Trash Cuisine

Nicolai Khalezin, Natalia Kaliada and the Company
Belarus Free Theatre
Young Vic's Maria Studio

Stephanie Pan Credit: Simon Annand
Trash Cuisine Company Credit: Simon Annand
Trash Cuisine Company Credit: Simon Annand

The return of Belarus Free Theatre to the Young Vic is a timely reminder that censorship still exists, since the company is currently banned in its home country.

Unlike Minsk 2011, which played in the Maria Studio last year, this piece is fiercely disciplined and, as a result, continually hits its chosen targets with pinpoint accuracy.

That is to be applauded, since the company uses this project to publicise the terrors of torture and genocide from many countries around the world.

Rather than merely telling or enacting the true stories that make up the 100 minutes, the eight-strong ensemble uses a variety of forms, both theatrical and beyond.

The ostensible theme holding the evening together is cuisine and food gets used in numerous ways to illuminate horrors that often seem unbelievable.
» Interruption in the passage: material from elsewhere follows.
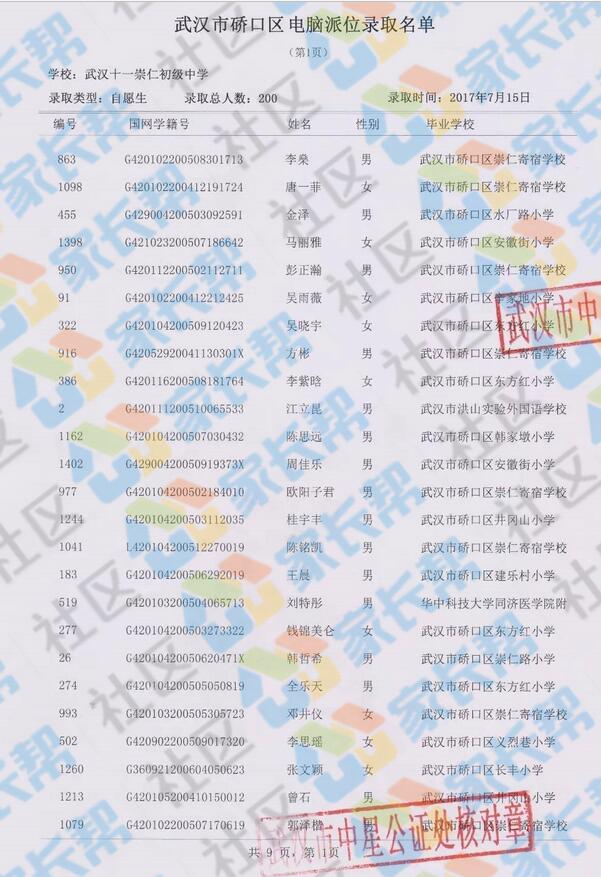 2017年武汉十一崇仁小升初摇号录取名单(2)

From their home in Belarus to Thailand, Rwanda, Northern Ireland and the USA, amongst many other countries, the tales of man's inhumanity to man just keep coming.

However, this company is wise enough to understand the need to turn the evening into something more memorable and palatable than a mere catalogue of evil.
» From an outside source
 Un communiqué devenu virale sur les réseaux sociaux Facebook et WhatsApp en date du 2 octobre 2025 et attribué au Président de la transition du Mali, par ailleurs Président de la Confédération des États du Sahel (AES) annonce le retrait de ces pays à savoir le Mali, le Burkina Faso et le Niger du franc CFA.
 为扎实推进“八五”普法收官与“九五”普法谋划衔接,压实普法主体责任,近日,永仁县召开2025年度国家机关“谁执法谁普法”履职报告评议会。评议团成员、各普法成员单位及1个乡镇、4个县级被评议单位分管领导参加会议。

As a result, they use dance and physical elements, humour, music and striking visual imagery to lighten and darken the tone, as appropriate. The combination makes Trash Cuisine extraordinary and helps to achieve the goal of making viewers understand some of the repression that is going on around the world and, presumably might persuade them to take some affirmative action in an attempt to prompt change.
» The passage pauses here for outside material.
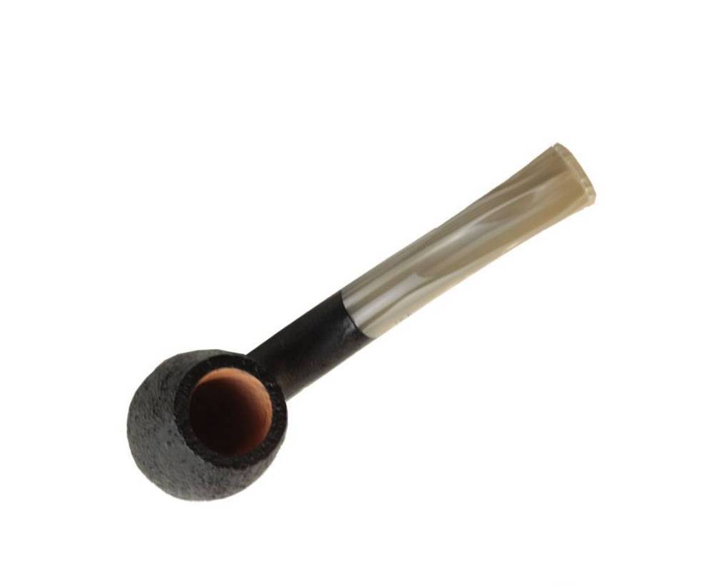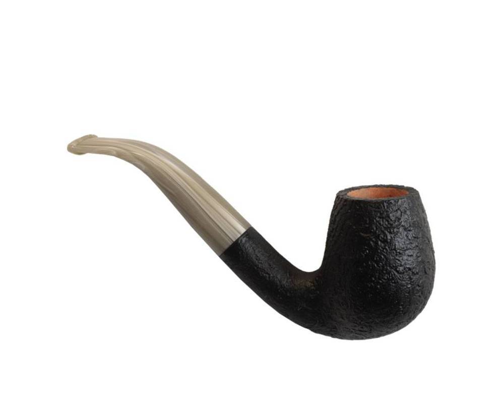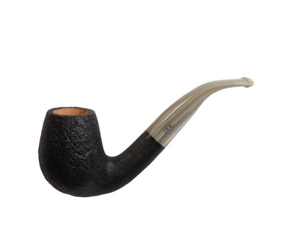The CHACOM Jurassic n°851 is a beautiful bent pipe with a black rusticated finish and a grey acrylic stem. This well-balanced pipe offers a comfortable mouth feel.

Innocent pineapples, strawberries, pulses and flour take on the same sinister symbolism as force-fed poultry and, by the end, anyone in the front few rows will be triply tearful. First, they will be contemplating some serious dry cleaning bills, secondly sniffing back the consequences of concerted onion-chopping and last, but certainly not least, sympathising with the world's victims.

Belarus Free Theatre is a company that demands much from its actors too. Indeed, unless they have total commitment to the cause, no one in their right mind would join up.

Many examples come to mind. Stephanie Pan, in addition to singing operatically and eating strawberries and cream, delivers a drumming virtuoso that must have made her muscles ache. She also endures two tortuous minutes imitating an electric chair, while most of her colleagues are tied up.

Nastassia Shcherbakis extended between two chairs for as long as her body can take it, while one of the male actors is waterboarded, in a shocking demonstration of what both victims of repressive regimes and theatre companies are obliged to suffer for their beliefs.

Agitprop has rarely seemed more palatable or effective than this powerfully moving piece of political theatre. It isn't always comfortable to watch but anyone who believes in freedom of speech and the civilisation of society will find this production deeply moving.